Sorry, I do not know where I saw it, but I was watching a webinar of a few urologists. One urologist said that he orders cytology every time he does cystoscopy. He said also that if cytology is negative 97-98% of the time cystoscopy is negative. The problem is when cytology is positive and cystoscopy is negative, then he has to find out the reason. So, what your urologist is doing sounds the right thing to do. Your urologist is trying to find out the source of suspicious cells found in your urine. There can be many reasons. For example, it can come from a tumor in one of the ureters or some other place.
A case in point, a person I know had gone recently to the ER because of pain in the pelvic area. CT scan found a tumor was blocking a ureter and urine backed up to a kidney. He has been middle of treatment for non-muscle invasive, so he must have had several cystoscopies. So, cystoscopy alone can miss a tumor in the ureters.
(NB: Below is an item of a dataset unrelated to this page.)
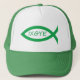 Nos círculos cristãos, o símbolo do peixe é muitas vezes usado para simbolizar o Cristo de Salvador Jesus. A língua dominante da Igreja primitiva era o grego, e em grego a frase "Jesus Cristo, Filho de Deus, Salvador" produziu a sigla ICHTHYS, a palavra grega para peixes. Um poema cristão do segundo século soletra a palavra com as primeiras letras de cada linha. Vista este chapéu para testemunhar da sua firme crença em Jesus Cristo, Filho de Deus, Salvador. O chapéu tem um peixe verde com a sigla dentro IXOYE. Não só nos dias bíblicos, mas até agora, verde significa muitas vezes vida nova. Uma cor adequada, nosso Senhor e Salvador, que deu nova vida ao crente de Jesus.
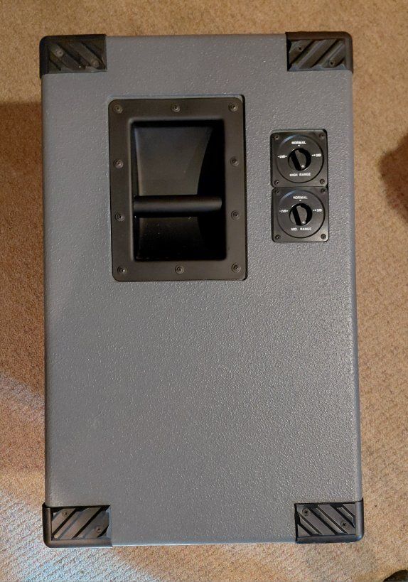 VenmoDr Bass model 2460 Bass cabinet with 2 12" speakers, a midrange speaker, and a tweeter.

It can be nothing, but it is good to know that your urologist is taking the extra steps to assure that there isn't anything.
Urine cytology is famous for false positives. I had one about 6 years ago when my GP checked my urine and he went nuts. My URO was copied and he said what? The count evidently was so low he dismissed it knowing I had my yearly scope a few weeks later....which confirmed nothing.
Just keep your scheduled checks which I am sure you are doing and January 8 is soon enough to get concrete answers. A CT scan will hopefully confirm, nothing! The only question I would ask: should you have another course of BCG? A maintenance course of 3?
DX 5/6/2008 TAG3 papillary tumor .5 CM in size. 2 TURBS followed by 6 instillations of BCG weekly with a second round of 6 after a 6 week wait.
I am confused but, then again, I'm not a doctor so I have to rely on the experts. After my turbt, my 6 bcgs, then a scoping the doc said everything looked great. No more symptoms, too. Then he ordered a urine lab and it came back "suspicious for urothelial carcinoma." Nothing else on there.
We had an in-office chat and he said my path report was "positive." I should have asked "But it says suspicious and nothing else" but I negelected to point that out. In any event, he now says we have to be proactive so he's oredered another CT scan (which I had a year ago) and then another scoping on Jan 8.
Is there any significance to the path report just saying "suspicious?" If I still have cancer cells in there, will I go through another course of bcg?